In total, six NES genes were obtained: ApTPS10, ApTPS12, ApTPS14, ApTPS15, ApTPS16, and ApTPS19 (Table 2). ApTPS19 was the longest of these genes (2161 bp), and was predicted to have an ORF of 1791 bp and to encode a protein of 596 aa in length.
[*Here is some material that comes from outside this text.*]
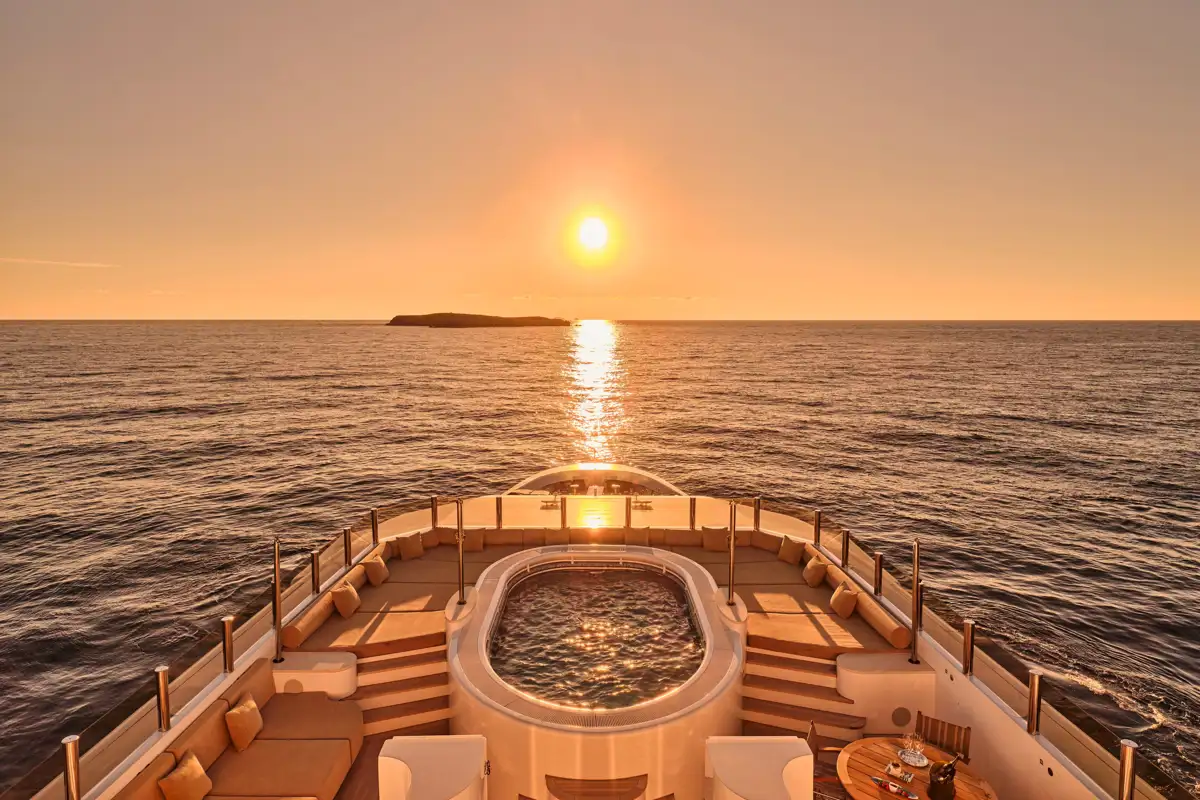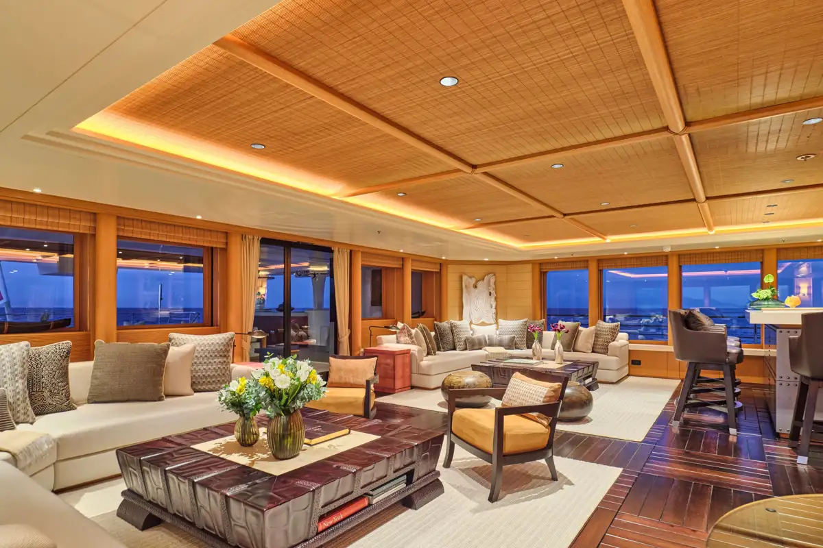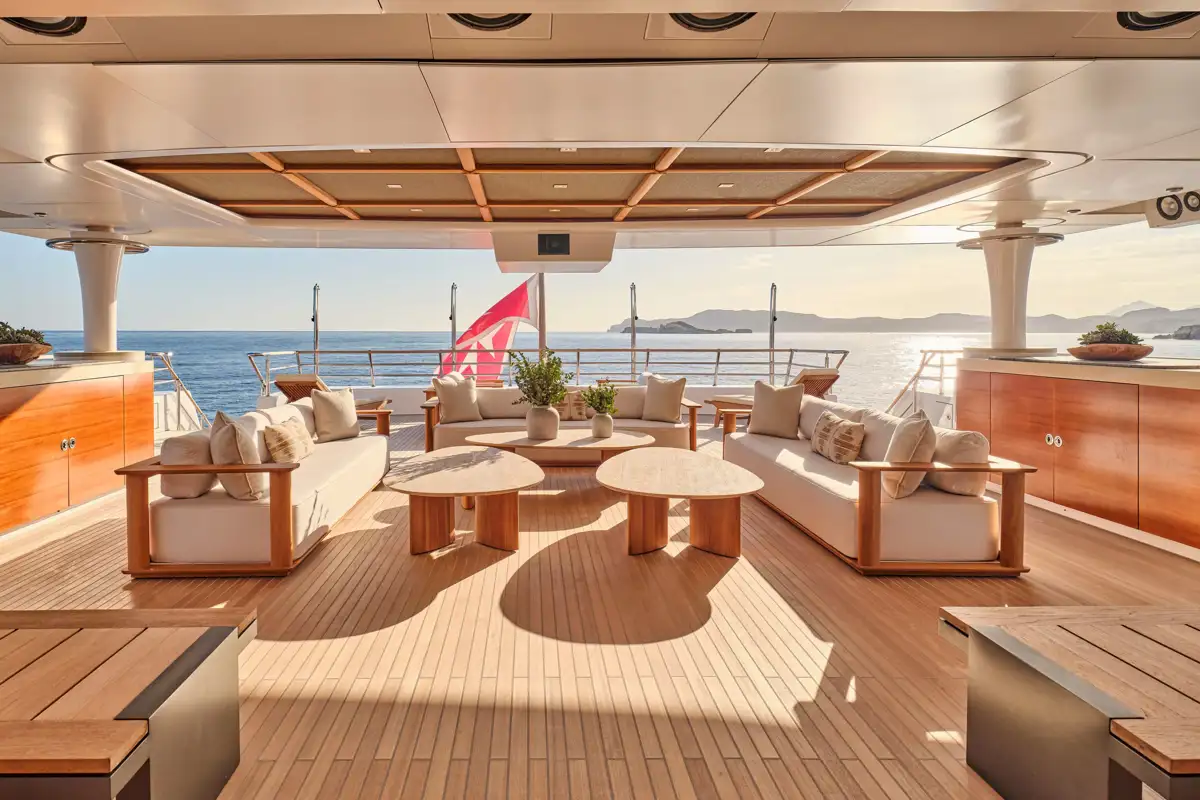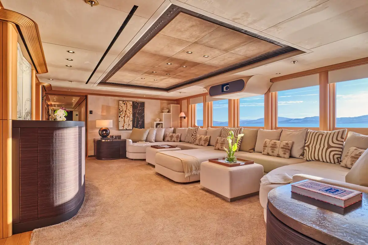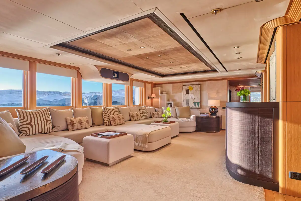 Her sun deck has a large jacuzzi forward flanked by sun pads and sheltered by glass screens, and aft there is an al fresco dining area with bar, sheltered by sliding screens either side and more sun pads aft. Her bridge deck saloon offers a variety of social spaces with a bar, gaming table and lounge area, with sliding glass doors opening out onto a large sun lounge for relaxation or entertainment. This space also doubles as an outdoor cinema with world class Dolby surround sound.

Four NES proteins were removed due to their shorter sequences, leaving ApTPS16 and ApTPS19, both of which were classified into the TPS-g subfamily. These proteins were annotated as NES, and shared about a 40% similarity with the other TPS enzymes in A. philoxeroides.

Table 2.

Nerolidol synthase genes in the A. philoxeroides transcriptome.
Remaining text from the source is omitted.